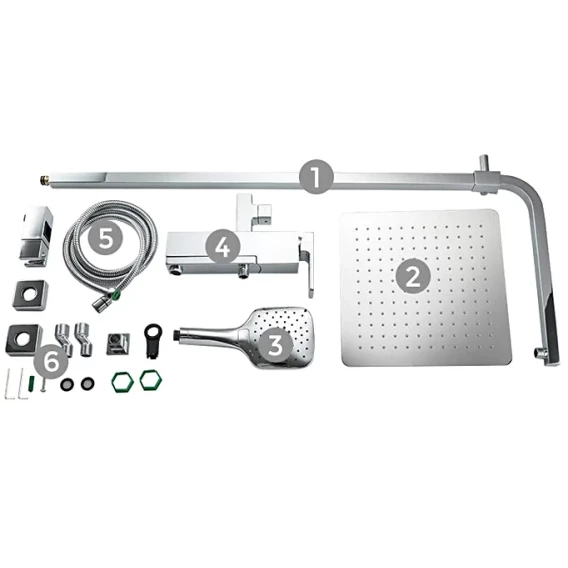 Аэратор, Металлическая розетка, Эксцентрики, Душевой шланг, Душевая лейка, Держатель для душевой лейки, Верхний душ, Смеситель, Кронштейн, Штанга душевая
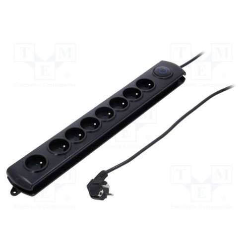 QOLTEC 50114 | Мережевий фільтр: захисний; Гнізда: 8; 250ВAC; 10А; чорний
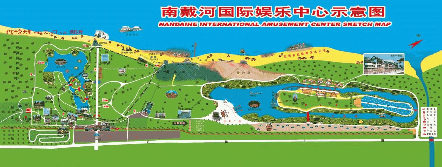 景區(qū)地圖南戴河國際娛樂中心旅游資源十分豐富,自然資源得天獨厚,一面是蔚藍的大海,三面是茂密的森林。這里灘寬水清,沙軟潮平,空氣清新,林木蔥郁。海水浴場是“國家首批健康海水浴場”,空氣質量達到了國家《環(huán)境質量標準》GB3095-1996表中一級質量標準,環(huán)境噪聲質量達到國家O類標準。園中有各種鳥類近百種,現(xiàn)已被河北省列為鳥類自然保護區(qū),2004年通過ISO-9001質量和ISO-14001環(huán)境管理體系認證。
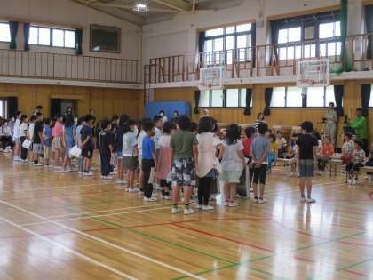 4年生からは、先生クイズと合唱をプレゼントしました。
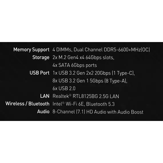 | Поддержка частот оперативной памяти | 6600+(OC)/ 6400(OC)/ 6200(OC)/ 6000(OC)/ 5800(OC)/ 5600(JEDEC)/ 5400(JEDEC)/ 5200(JEDEC)/ 5000(JEDEC)/ 4800 МГц |
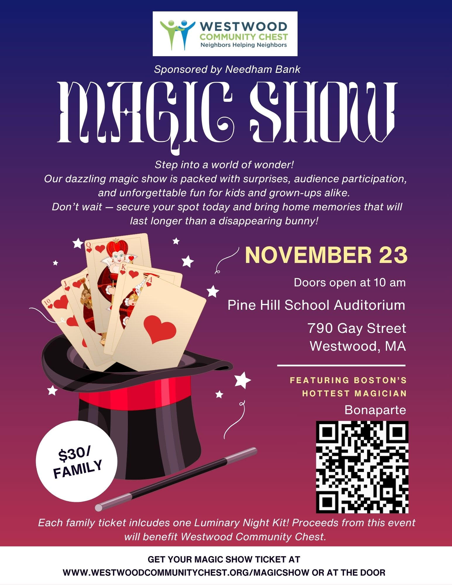 Westwood Community Chest is a community-based, non-profit organization that works to improve the well-being and quality of life of the residents of Westwood, Massachusetts. Through our evolving range of programs and services, made available both directly and in collaboration with other organizations and agencies. We offer assistance to Westwood individuals and families of all incomes and ages who have a variety of unmet needs.
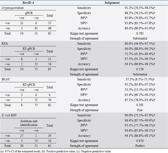 Methods: A total of 85 samples were examined using BoviD-4, and the results were compared with that of polymerase chain reaction for Cryptosporidium, RVA, and BCoV, whereas for E. coli K99 it was by isolation and identification as reference tests.
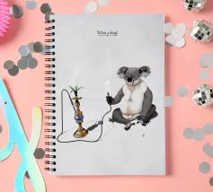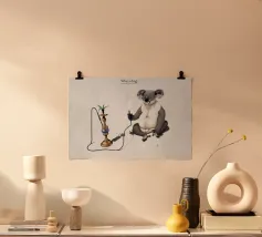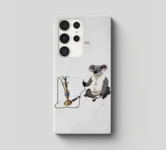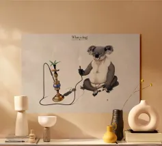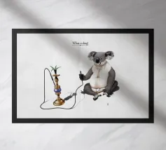 Comica illustrazione di un koala che si gode gli effetti della sua solita pianta di eucalipto. In modo meno tradizionale.
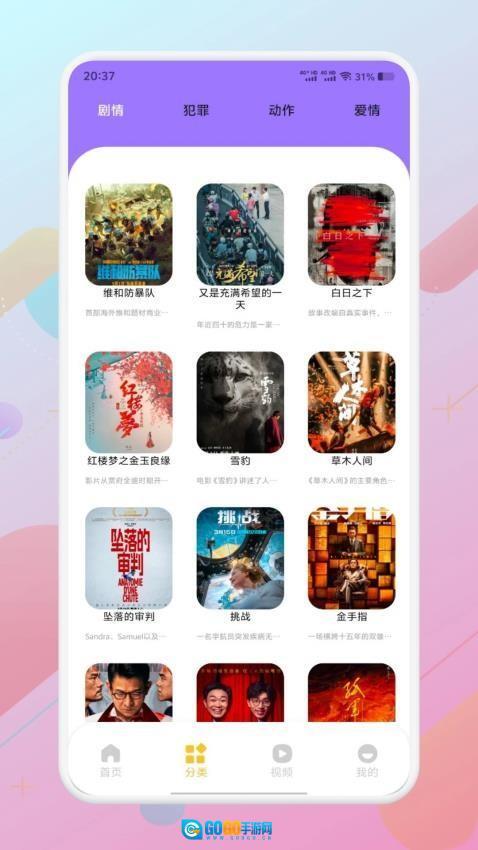 影视剧资源依据题材进行了清晰的分类,包含爱情、动作、犯罪等不同类型,方便用户快速筛选出自己喜爱的内容。
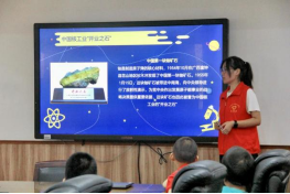 活动伊始,蔚蓝小菜花科普团以“闪闪发光的‘星星’故事”切入,开启“两弹一星”精神宣讲课堂。结合PPT,志愿者用孩童易懂的语言,从“戈壁滩上的无名英雄”讲到“党旗引领的核能征程”,还原关键历史节点:1954年中国首块铀矿石成为核工业“开业之石”,1964年罗布泊升起原子弹蘑菇云,1967年第一颗氢弹空爆试验成功。
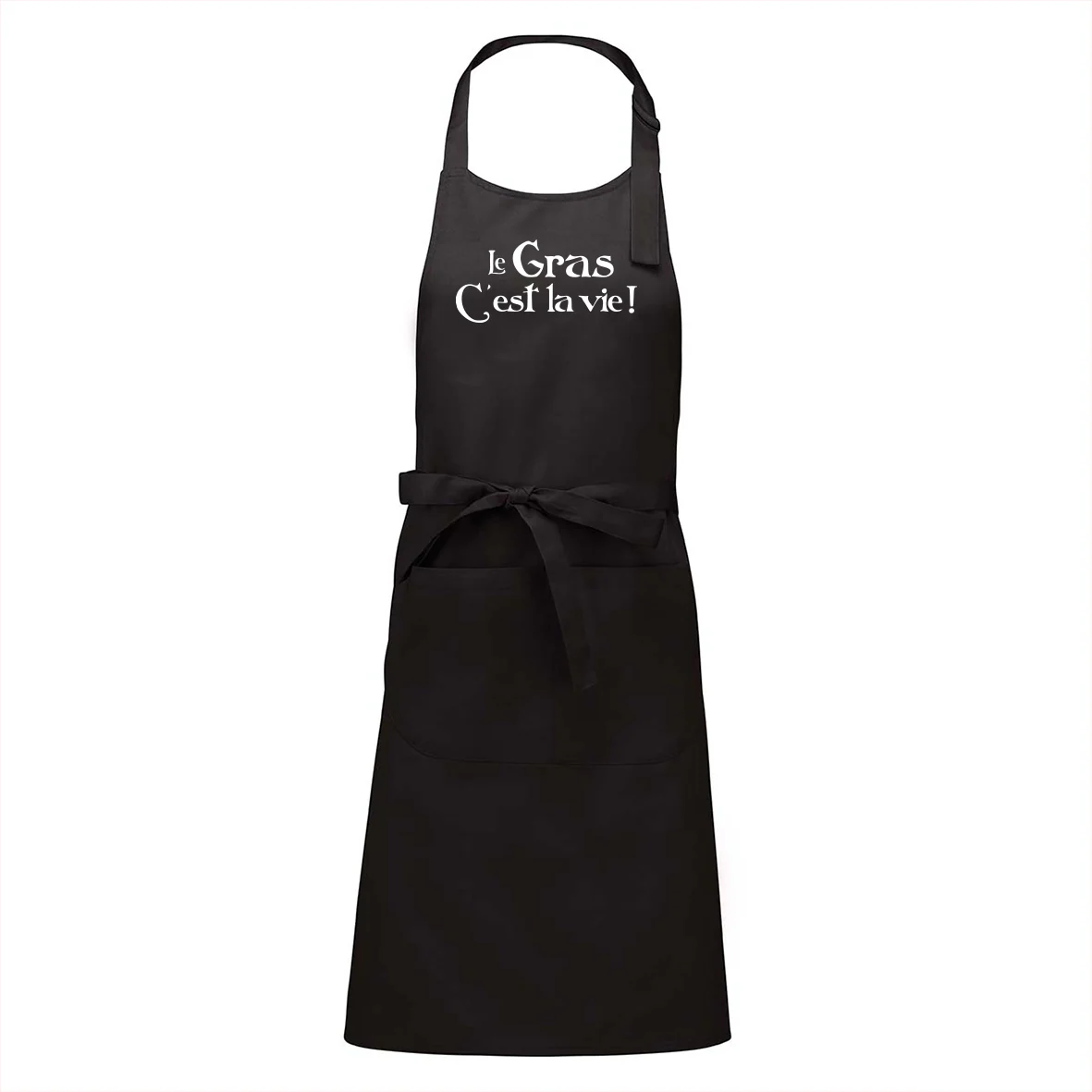 Tablier en toile épaisse « LE GRAS C’EST LA VIE » lavable à 60 °, avec poches.
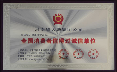 首页 >> 走进大地 >>资质荣誉 >> 全国消费者信得过诚信单位
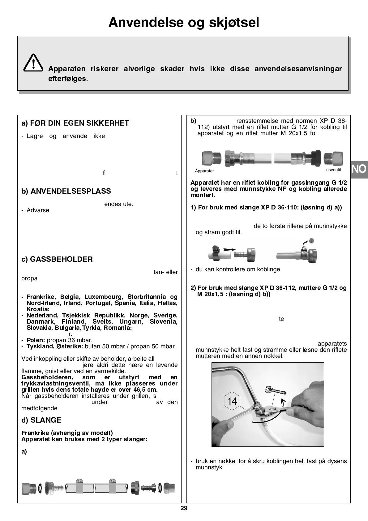 1) For bruk med slang e XP D 36-110: (løsning d) a))
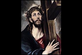 Detalle de Cristo abrazado a la cruz (1580-85).Cristo está idealizado sin sufrimiento, destacando el significado de la salvación. Nos lo muestra sereno y triunfante, mirando al cielo, la cruz no parece pesada. Eran los ideales de la Contrarreforma.
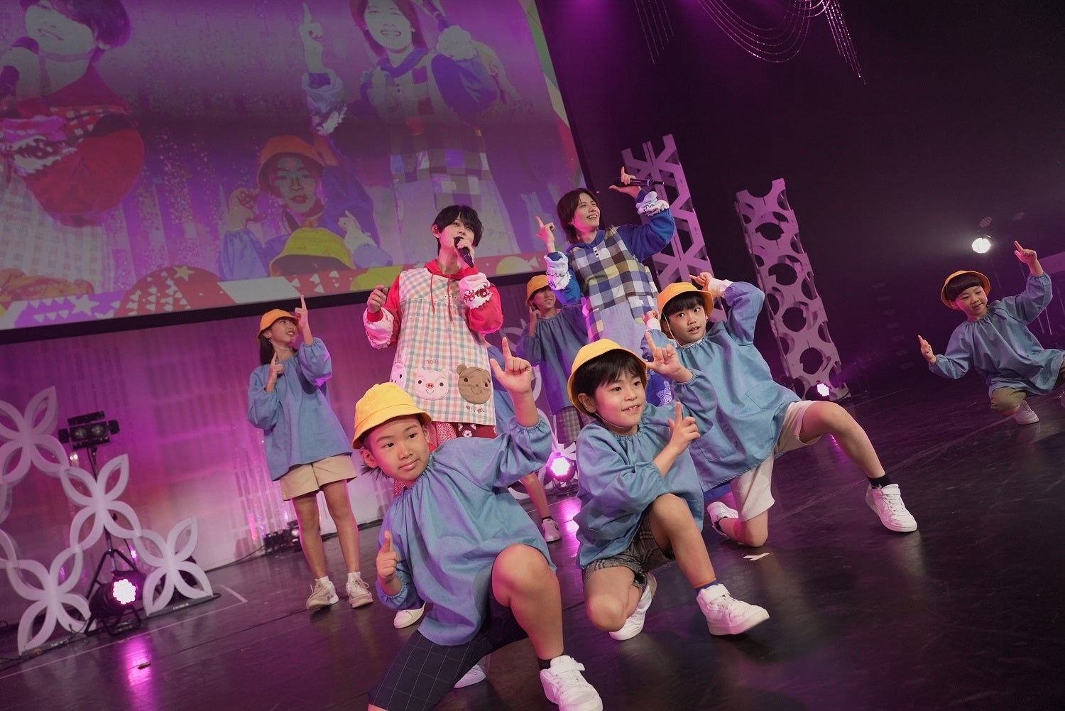 続いて、市川発案による2番目の演出となった「今日も生きててえらいえらい!」がスタート。スクリーン上に市川と四季涼雅が“ダンスのお兄さん”に扮し子どもたちにダンスを教える番組「おにいさんといっしょ」の映像が映し出された。ステージ上でも市川と四季が“ダンスのおにいさん”として登場しており、市川は「会場に小さな友達が来ています!」とキッズダンサーたちを呼び込んだ。しかし、キッズダンサーの中に子どもの衣装を身に着けている“大きなお友達”の椚が混ざっているという演出。椚は衣装の可愛さとギャップがあるソロパートでキレキレのダンスを披露し会場を盛り上げた。
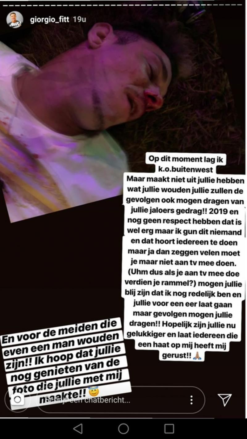 De vechtpartij liep snel uit de hand. Giorgio kon zich niet verweren tegen de grote bende. "Samra is op mij gaan liggen, maar die gasten bleven gewoon verder slaan. Ze hebben mijn neus en haar arm gebroken. En Samra heeft vier gebroken ribben."
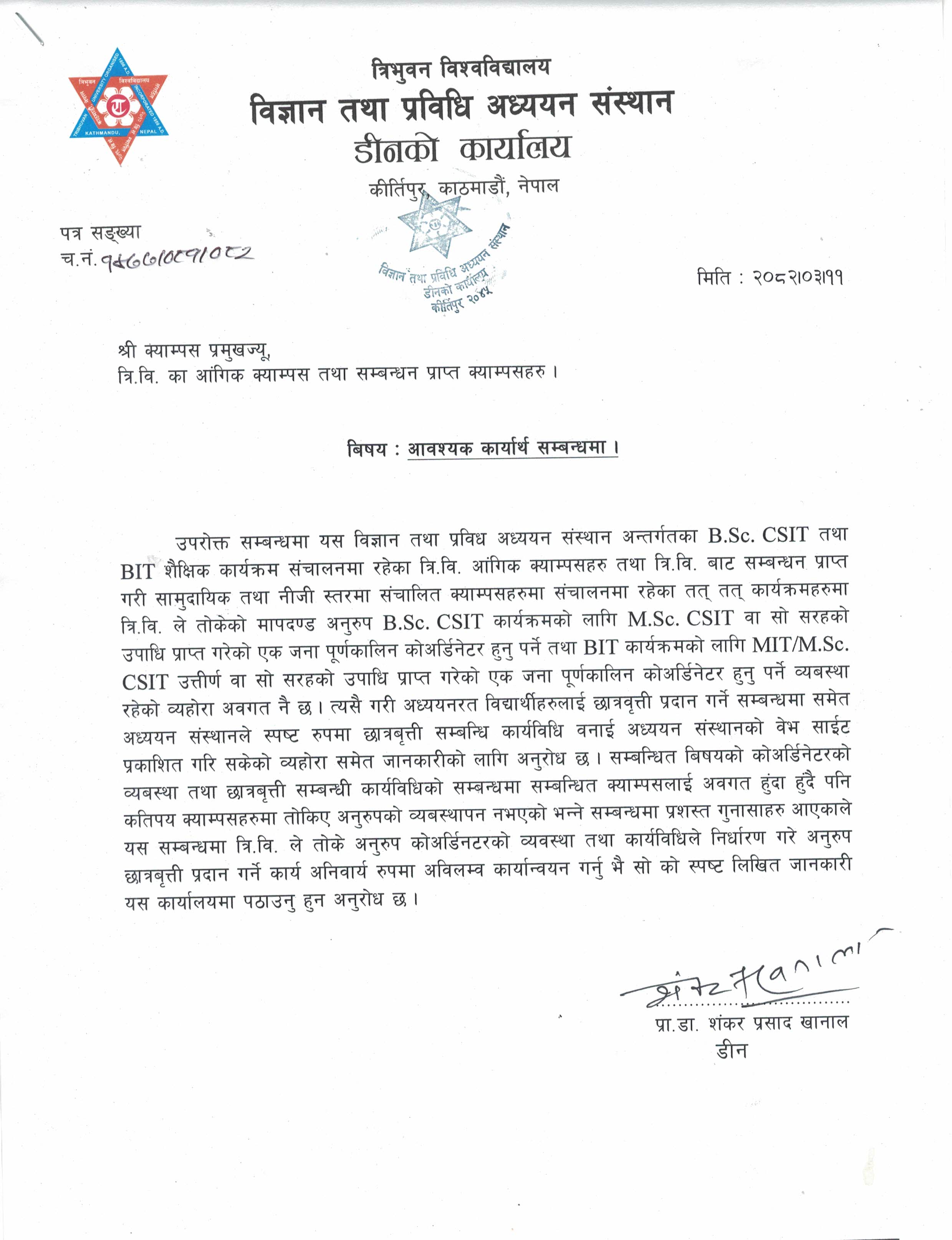 विज्ञान तथा प्रविधि अध्ययन संस्थानको सहायक डीन छनाेट समितिको सूचना
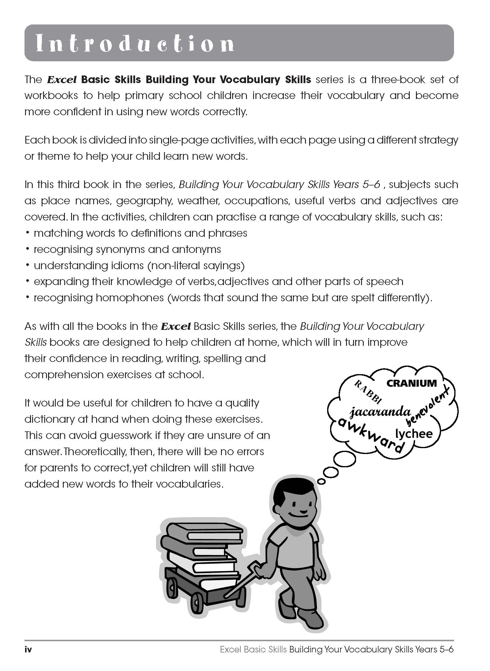 The Excel Basic Skills - Building Your Vocabulary Skills Year 5 - 6 Book covers subjects such as place names, geography, weather, occupations, and useful verbs and adjectives. Homophones, idioms, synonyms and antonyms are also covered.

________________________________________

• _EXERCISE DETAILS_: From the entries above, copy exactly the lines starting at the one with "景區(qū)地圖南戴河國際娛" and stopping at the one with "5000(JEDEC)/ 4800 МГц |", keeping both ends. Drop the pictures.

• _SOLUTION FOR THIS PROBLEM_:
 景區(qū)地圖南戴河國際娛樂中心旅游資源十分豐富,自然資源得天獨厚,一面是蔚藍的大海,三面是茂密的森林。這里灘寬水清,沙軟潮平,空氣清新,林木蔥郁。海水浴場是“國家首批健康海水浴場”,空氣質量達到了國家《環(huán)境質量標準》GB3095-1996表中一級質量標準,環(huán)境噪聲質量達到國家O類標準。園中有各種鳥類近百種,現(xiàn)已被河北省列為鳥類自然保護區(qū),2004年通過ISO-9001質量和ISO-14001環(huán)境管理體系認證。
 4年生からは、先生クイズと合唱をプレゼントしました。
 | Поддержка частот оперативной памяти | 6600+(OC)/ 6400(OC)/ 6200(OC)/ 6000(OC)/ 5800(OC)/ 5600(JEDEC)/ 5400(JEDEC)/ 5200(JEDEC)/ 5000(JEDEC)/ 4800 МГц |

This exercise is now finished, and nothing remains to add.